Print version ISSN 0104-7841On-line version ISSN 2594-4363

Nova perspect. sist. vol.28 no.65 São Paulo Sept./Dec. 2019

 

FAMÍLIA E COMUNIDADE EM FOCO

 

Práticas Colaborativas no calor de Brno*

 

 

Leonora CorsiniI, Alexandra da Rosa MoreiraII, Cecília Cruz VillaresIII, Helena Maffei CruzIV

I Instituto Noos, São Paulo/SP, Brasil.

II Associação Paulista e Brasileira de Terapeutas de Família, São Paulo/SP, Brasil.

III Universidade Federal de São Paulo (Unifesp), São Paulo/SP, Brasil.

IV Instituto Noos, São Paulo/SP, Brasil.

 

 


 

 

Aconteceu em junho deste ano, entre os dias 27 e 29, o IV Congresso de Práticas Colaborativas e Dialógicas na cidade de Brno, República Checa. O encontro contou com cento e oitenta participantes representando cerca de trinta e dois países. Pelo Brasil, foram apresentados doze trabalhos por vinte participantes, dentre os quais os de três integrantes da equipe de associados do Instituto Noos.

Conversamos com Cecília Cruz Villares, Helena Maffei Cruz e Alexandra da Rosa Moreira – integrantes da equipe Noos e participantes do Congresso – que generosamente compartilharam suas impressões do Congresso, cuja síntese apresentamos a seguir.

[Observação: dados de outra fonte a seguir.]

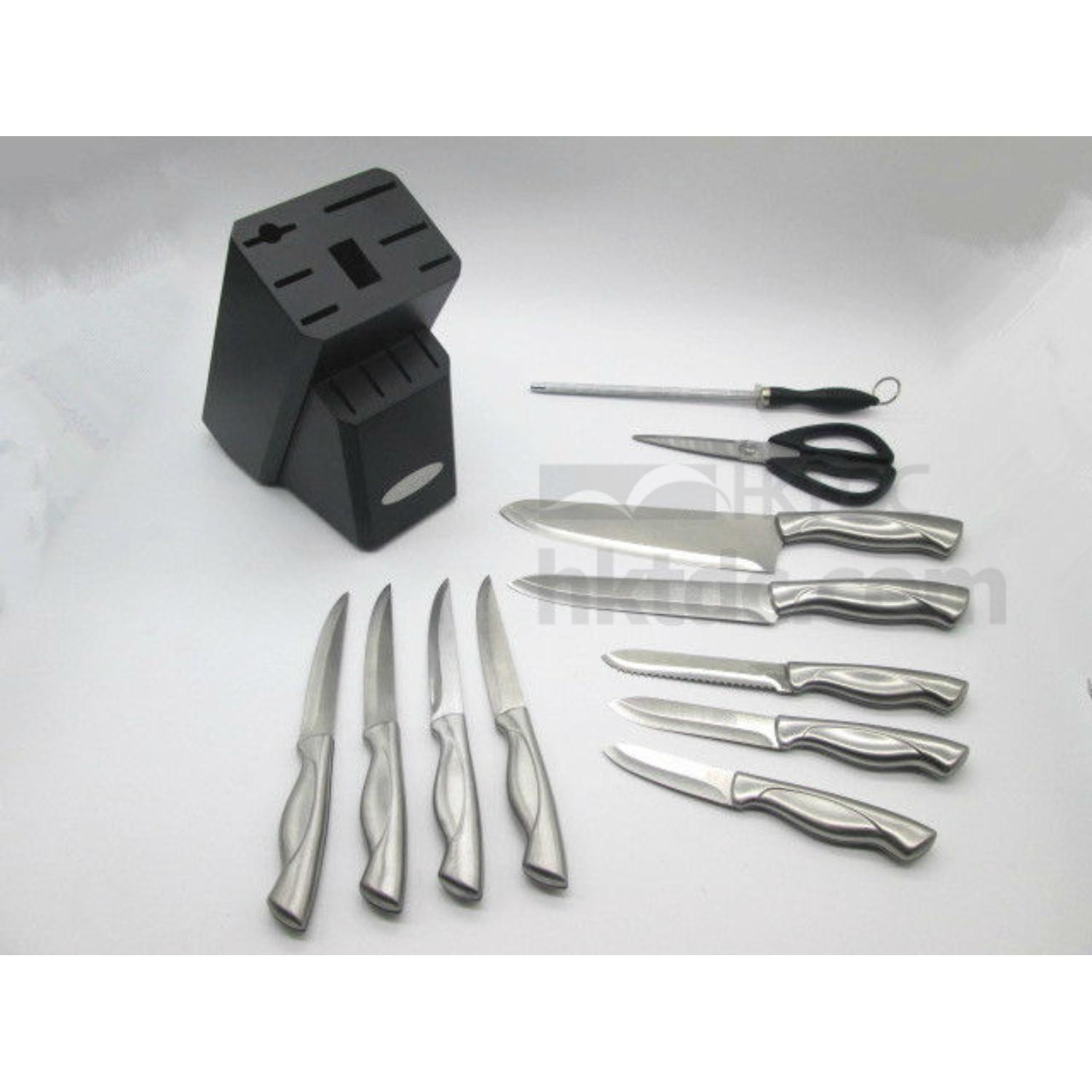 Include:8" Chef Knife(20cm)-2.0mm,7" Slicing Knife(18cm)-2.0mm,4.5"Utility Knife with serrated (11cm)-1.5mm,

A primeira coisa a chamar atenção das três participantes foi constatar que na República Checa faz muito calor no verão! Os dias de sol e muita luz convidavam a passear para ver o movimento alegre das pessoas aproveitando a vida ao ar livre nas ruas, nos bares, nas esplanadas e nas muitas áreas verdes da simpática cidade checa. Da parte dos anfitriões checos, estes se empenharam em receber a todos com igual calor humano, possibilitando aos convidados que se sentissem felizes, ainda que quentes, dentro das salas da Universidade onde aconteceram encontros, atividades e conversas em torno de temas e projetos apaixonantes.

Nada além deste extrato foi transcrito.